Shale Reservoir Characterisation - 27/05/2011
CGGVeritas has developed an integrated geophysical approach to characterising shale gas reservoirs, based on pre-stack azimuthal seismic data analysis calibrated with well log and core measurements to identify sweet spots.
Relative production estimates across the reservoir may be derived by combining seismic estimates of lithological, geomechanical and stress properties, correlated to existing well measurements to predict porosity, volume of shale, carbonate content and water saturation. This technique has been applied to the CGGVeritas Tri-Parish multi-client survey in the Haynesville Shale with positive results. However, all shale plays are different, so the selection of geomechanical and lithological parameters that provide the best correlation with production will vary from one play to another and must be derived for each survey.
A quantitative understanding of a host of rock properties such as acoustic impedance, Poisson's ratio, and Young's modulus can be obtained from prestack seismic. These properties are in turn related to quantitative reservoir properties such as porosity, Total Organic Content (TOC) and mineral content.
CGGVeritas combines the elastic rock properties, derived from seismic inversion, with azimuthal velocity and AVO analysis of conventional 3D seismic data to estimate principal stresses. The Differential Horizontal Stress Ratio (DHSR) is an important parameter for prediction of hydraulic fractures and can be estimated from seismic data alone. These estimated stresses are then calibrated to the stress state of the reservoir, derived from drilling and completion data, microseismic analysis and regional information. Zones with relatively high brittleness (derived from isotropic Young's Modulus, Lambda-Mu-Rho, etc.) and low DHSR (no preferential stress orientation) are more prone to fracturing and tend to produce fracture swarms when completed, potentially increasing production.
CGGVeritas has applied this workflow to its Tri-Parish data. This is a high-pressure, high-temperature (HPHT) field with no large structural features and so has a relatively homogeneous stress field. Although there is an east-west regional orientation of the maximum horizontal stress field over the Haynesville area, there are lateral variations in the local stresses. The understanding of this variability is crucial for optimal completions. Potentially brittle zones have been identified and their associated DHSR, fracture initiation pressure and closure stress have been estimated. Calibration and validation are critical. These seismically derived predictions were calibrated with existing production and well core and test measurements to determine optimal zones for drilling and completion.

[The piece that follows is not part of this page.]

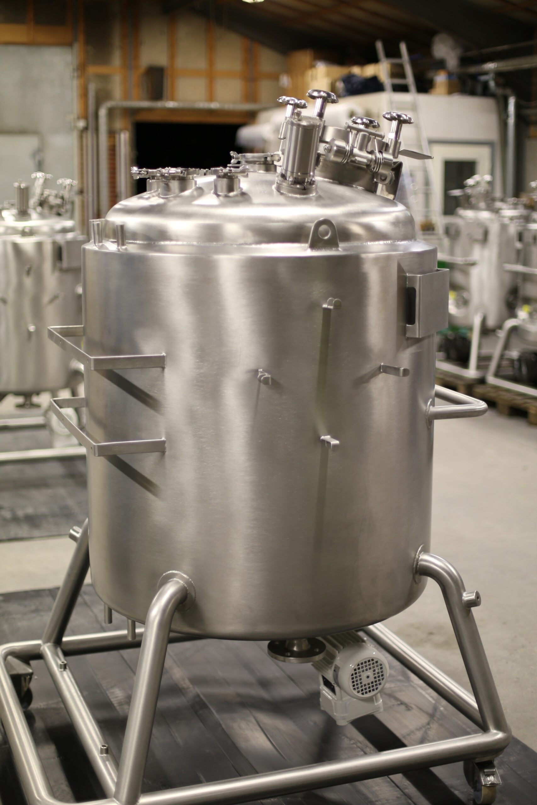 A mobile tank is a flexible solution when a business is looking for tanks that can easily be moved from one process line to another. The main characteristic of mobile tanks and vessels is that they are placed on a frame with wheels or on brackets for forklift transport. Thus, they are more mobile and can be moved around in the production line or the laboratory. In terms of max capacity, stainless-steel mobile tanks and vessels have an upper volume limit of 1000 liters.

The azimuthal signature needs to be adequately recorded, processed and measured In order to estimate the stress field distribution. After gather conditioning a dataset should have maximized signal-to-noise ratios, flattened reflector events and preserved amplitude variations.
The key steps in compliant amplitude-versus-offset and amplitude-versus-azimuth seismic data conditioning are random noise attenuation, angle muting to remove spurious energy beyond a threshold angle of incidence, high-resolution de-aliased radon transform de-multiple and high-density velocity analyses for both anisotropic and azimuthal velocity derivation. Ray bending for offset angle gather conversion and reservoir-oriented gather conditioning for prestack inversion are also critical.

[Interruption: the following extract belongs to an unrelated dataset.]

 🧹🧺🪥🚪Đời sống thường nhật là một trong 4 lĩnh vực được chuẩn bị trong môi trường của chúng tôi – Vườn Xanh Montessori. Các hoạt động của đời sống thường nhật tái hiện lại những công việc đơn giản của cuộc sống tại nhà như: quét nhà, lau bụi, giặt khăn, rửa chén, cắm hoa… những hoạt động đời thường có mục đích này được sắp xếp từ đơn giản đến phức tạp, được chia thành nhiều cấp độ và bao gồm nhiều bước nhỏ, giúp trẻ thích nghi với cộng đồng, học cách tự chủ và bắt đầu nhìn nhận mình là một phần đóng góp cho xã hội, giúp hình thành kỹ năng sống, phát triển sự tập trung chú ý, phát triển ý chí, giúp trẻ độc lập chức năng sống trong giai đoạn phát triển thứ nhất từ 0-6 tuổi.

Multi-attribute analysis of the Tri-Parish data suggests that better development locations are found here in areas that have a combination of certain key rock properties, for example, better porosity development, high siliceous mineralogical content, and high values of TOC. Detailed rock property analyses showed that properties such as Poisson's ratio and Lambda-Rho (incompressibility) are useful for identifying these areas in this field. Low Poisson's ratio areas indicate the more siliceous, low-carbonate content, normally associated with better porosity development. Bulk volume of gas can be estimated by combining these properties via multi-attribute analysis.
In general, the researchers found that no single attribute provided enough information to correlate seismic data to production, but multiple elastic- and stress-related attributes can be correlated to average production and horizontal well length at well locations with 95% correlation. The predicted production shows several undrilled areas with potentially high productivity.
For validation, the predicted local stress fields were compared to tri-axial measurements from core samples at two locations. The full strain tensor and the principal stress directions were measured from these core samples, which then served as baseline values for correlating seismic predictions. We found that the direction of maximum horizontal stress, predicted from seismic observations, matched the corresponding core stress measurements to within 5%.
Although a statistical method of exploitation, where several wells are drilled near a productive well and areas around failed wells are abandoned, has proved successful so far in the relatively homogeneous Haynesville Shale, there are opportunities to increase production by targeting predicted sweet spots. This is what CGGVeritas can provide through the analysis and calibration of the stress and related attribute volumes derived from this seismic shale gas workflow. This analysis and workflow have the potential to predict fracture behavior and reservoir drainage geometry, enabling optimal well placement and completion designs including stage zoning in hydraulic fracture stimulation. Significantly, this will also mitigate the risks associated with drilling hazards and hydraulic stimulation.
Image: Mapping of the predicted first six months of production (calibrated to horizontal well length), based on correlation of calibrated geomechanical and lithological attributes with actual production rates. High-productivity areas are shown in red.